:: DATA

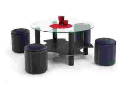 ŁAWA SZKLANA BELINDA Z PUFAMI
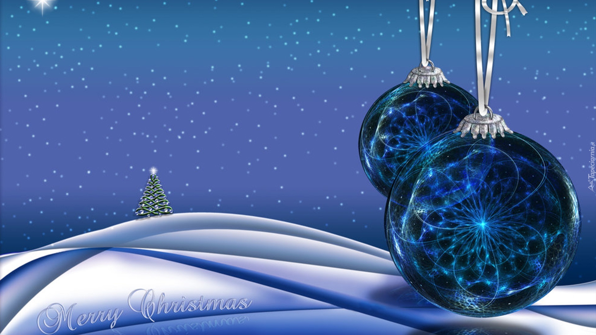 Edytor tapety: Dwie, Niebieskie, Bombki, Choinka
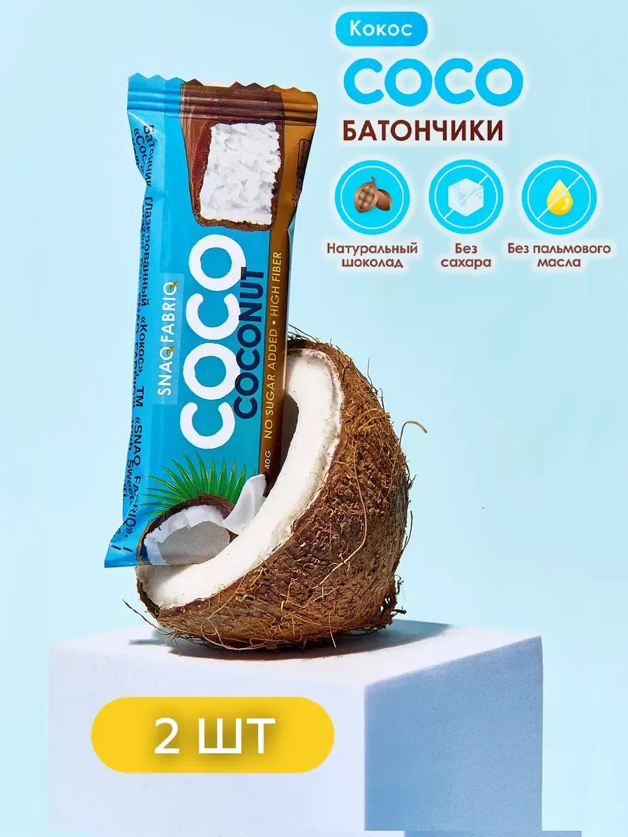 Кокосовый батончик COCO от SNAQ FABRIQ - это не просто правильные сладости, а настоящее полезное ПП удовольствие без вреда для фигуры! Десерт с начинкой из нежной мякоти кокоса, покрытый ароматным натуральным молочным шоколадом без сахара и пальмового масла. Этот диетический продукт можно использовать как здоровый перекус, ведь в нем так много клетчатки и минимум углеводов.
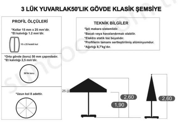 - Açıldığında 3m çapında (yuvarlak)dır.7m2 yer kaplar.
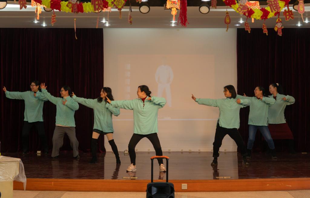 此次新年联谊会汇集了中文学系、历史学系、新闻传播学系、对外汉语教学部以及行政教辅各个单位选送的14个节目,节目精彩纷呈,令人轻松愉悦。一段《极速八段锦》拉开序幕,《小人舞》《小鸡小鸡》《三句半》《祝酒歌》诙谐有趣,诗朗诵《在田野上打柴火》清新如风,还有黄梅戏《天女散花》、越剧《春题湖上》、国际范儿的《gaudeamus igitur》、《凡人歌》《青花瓷》《因为爱情》,金嗓子们纷纷登场,全体院领导联袂表演的诗朗诵《走向远方》《面朝大海、春暖花开》则把联谊会推向高潮。最后新闻传播系全体教师共同演绎歌曲《明天会更好》,一曲唱出了人文学院的团结和谐与共同的心声。
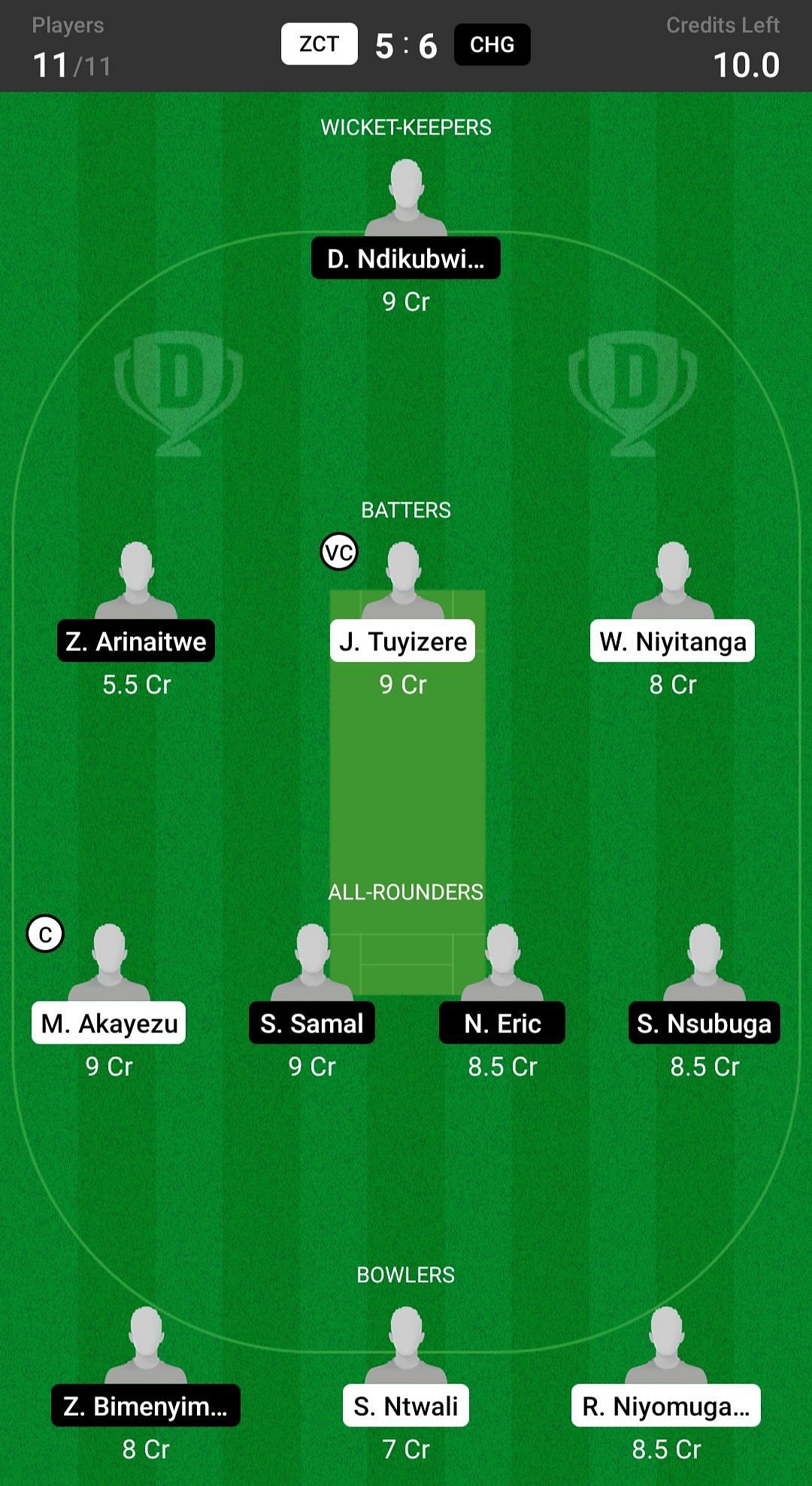 M Akayezu and S Samal are the best all-rounder picks for the Dream11 team as they are batting in the top order and also completing their quota of overs. N Eric is another good pick for today's Dream11 team.
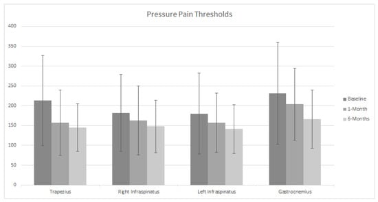 Pressure pain threshold (PPT) at baseline (n = 34), 1-month (n = 34) and 6-month (n = 34) in individuals with chronic nonspecific neck pain (NSNP) undergoing a 1-month conventional physiotherapy treatment. Data are presented for Trapezius, right Infraspinatus, left Infraspinatus and Gastrocnemius muscles in individuals with chronic NSNP. Data are presented as mean ± standard deviation.
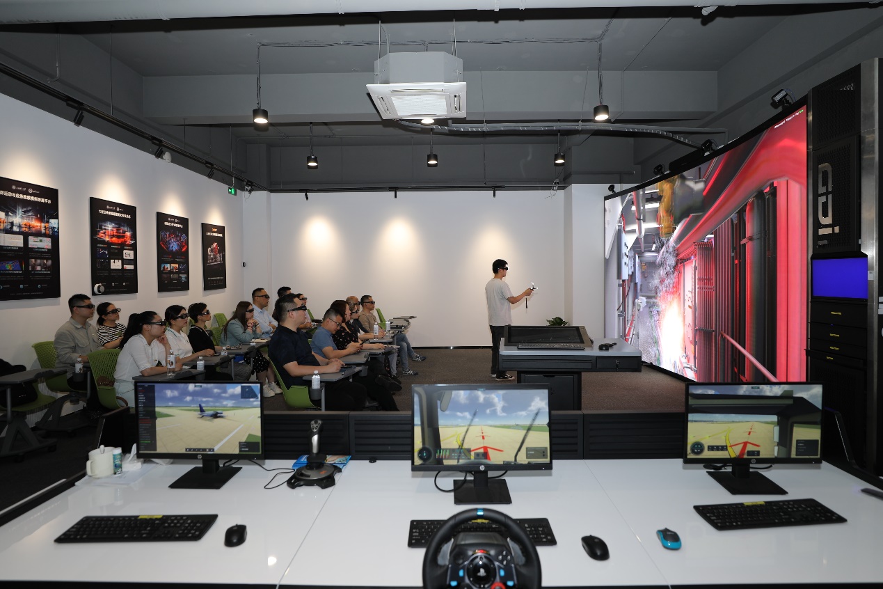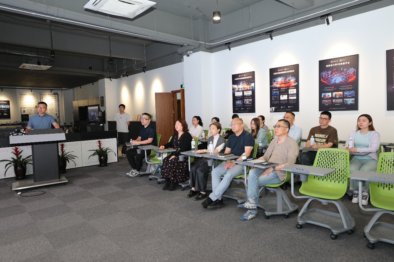 北科创集团一行参观了智慧应急管理学院实验室虚拟现实交互装置与实验平台,观看了智慧应急交通实验平台和智慧安全生产实验平台的演示,体验了虚实结合的突发事件下人群疏散实验平台。
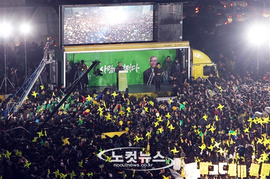 대통령 선거 마지막 주 3차 TV 토론을 앞둔 민주통합당 문재인 대선후보의 15일 오후 서울 광화문 2차 집중유세에 수많은 지지자들이 광장을 가득 메우고 있다.
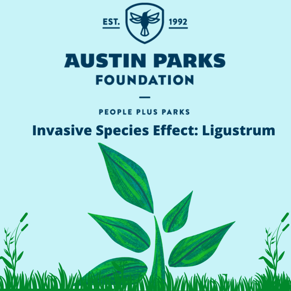 This plant causes a lot of problems. Here at APF we strive to eradicate Ligustrum as often as possible through open workdays and projects during It’s My Park Day!

::::

◆ TASK DETAILS ◆
Each entry above is to be written out exactly. The pictures stay out.

◆ SOLUTION FOR THIS PROBLEM ◆
 ŁAWA SZKLANA BELINDA Z PUFAMI
 Edytor tapety: Dwie, Niebieskie, Bombki, Choinka
 Кокосовый батончик COCO от SNAQ FABRIQ - это не просто правильные сладости, а настоящее полезное ПП удовольствие без вреда для фигуры! Десерт с начинкой из нежной мякоти кокоса, покрытый ароматным натуральным молочным шоколадом без сахара и пальмового масла. Этот диетический продукт можно использовать как здоровый перекус, ведь в нем так много клетчатки и минимум углеводов.
 - Açıldığında 3m çapında (yuvarlak)dır.7m2 yer kaplar.
 此次新年联谊会汇集了中文学系、历史学系、新闻传播学系、对外汉语教学部以及行政教辅各个单位选送的14个节目,节目精彩纷呈,令人轻松愉悦。一段《极速八段锦》拉开序幕,《小人舞》《小鸡小鸡》《三句半》《祝酒歌》诙谐有趣,诗朗诵《在田野上打柴火》清新如风,还有黄梅戏《天女散花》、越剧《春题湖上》、国际范儿的《gaudeamus igitur》、《凡人歌》《青花瓷》《因为爱情》,金嗓子们纷纷登场,全体院领导联袂表演的诗朗诵《走向远方》《面朝大海、春暖花开》则把联谊会推向高潮。最后新闻传播系全体教师共同演绎歌曲《明天会更好》,一曲唱出了人文学院的团结和谐与共同的心声。
 M Akayezu and S Samal are the best all-rounder picks for the Dream11 team as they are batting in the top order and also completing their quota of overs. N Eric is another good pick for today's Dream11 team.
 Pressure pain threshold (PPT) at baseline (n = 34), 1-month (n = 34) and 6-month (n = 34) in individuals with chronic nonspecific neck pain (NSNP) undergoing a 1-month conventional physiotherapy treatment. Data are presented for Trapezius, right Infraspinatus, left Infraspinatus and Gastrocnemius muscles in individuals with chronic NSNP. Data are presented as mean ± standard deviation.
 北科创集团一行参观了智慧应急管理学院实验室虚拟现实交互装置与实验平台,观看了智慧应急交通实验平台和智慧安全生产实验平台的演示,体验了虚实结合的突发事件下人群疏散实验平台。
 대통령 선거 마지막 주 3차 TV 토론을 앞둔 민주통합당 문재인 대선후보의 15일 오후 서울 광화문 2차 집중유세에 수많은 지지자들이 광장을 가득 메우고 있다.
 This plant causes a lot of problems. Here at APF we strive to eradicate Ligustrum as often as possible through open workdays and projects during It’s My Park Day!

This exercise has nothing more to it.